What tourists usually came to see was the Hollywood sign, which was directly to the right of us, larger than life. Iconic but completely meaningless to me, to be honest. People who were born and raised here didn’t see LA with the same starry eyes. It was just home, and the Hollywood sign did little to stir any feelings in me. But I did feel something when I looked down at the city stretched below us.
From this vantage point, you could see downtown to the left, Dodger Stadium a little farther north of it, a sprawl of suburban areas, the main drags that crisscrossed the entire city—Wilshire, La Brea, Santa Monica. And on a clear day like today, you could see a glimmering strip of the Pacific Ocean to the very west of us.

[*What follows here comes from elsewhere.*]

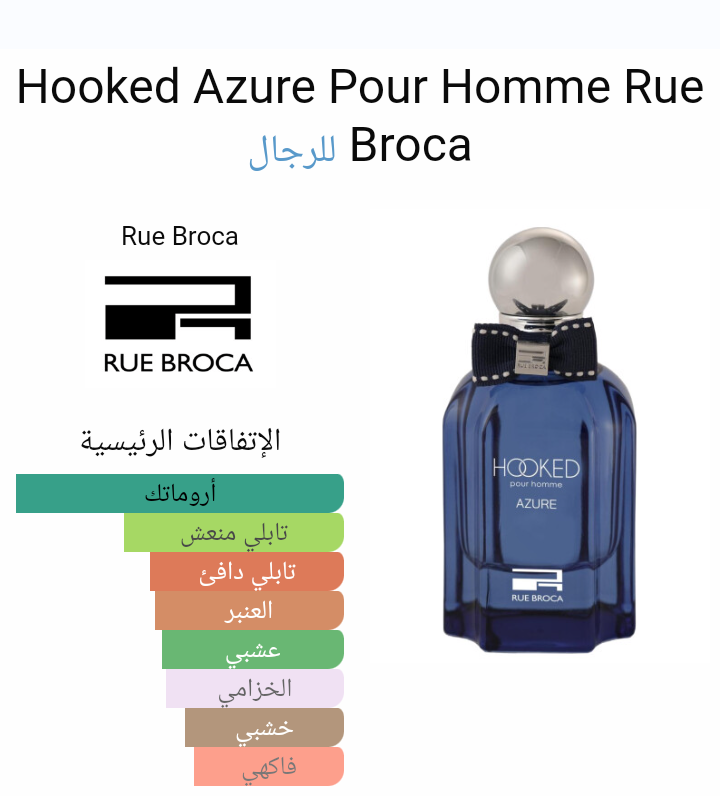 عطر أروماتك - فوچير للرجال . هذا عطر جديد Hooked Azure Pour Homme صدر عام 2024. إفتتاحية العطر الخزامي, الهيل و الكمثري; قلب العطر النعناع الحار, إكليل الجبل و القرفة; قاعدة العطر تتكون من العنبر, الأفسنتين نبات و نجيل الهند.

When you saw the city like this, everything inside you slowed down. Relaxed. It wasn’t that LA was perfect, or some immigrant utopia. Like other good things in the world, it was deeply flawed, and on some days you sat parked on the 110 surrounded by buildings you couldn’t see because of the smog, and you hated it here. It could be relentless and lonely. But it was also where my dad had built his life, where so many people had. It was a place where you could grab Brazilian Korean food in the park where Walt Disney dreamed up Disneyland. But more important, it was home. And I related, deeply, to a home that was a little messed up, but ever-evolving.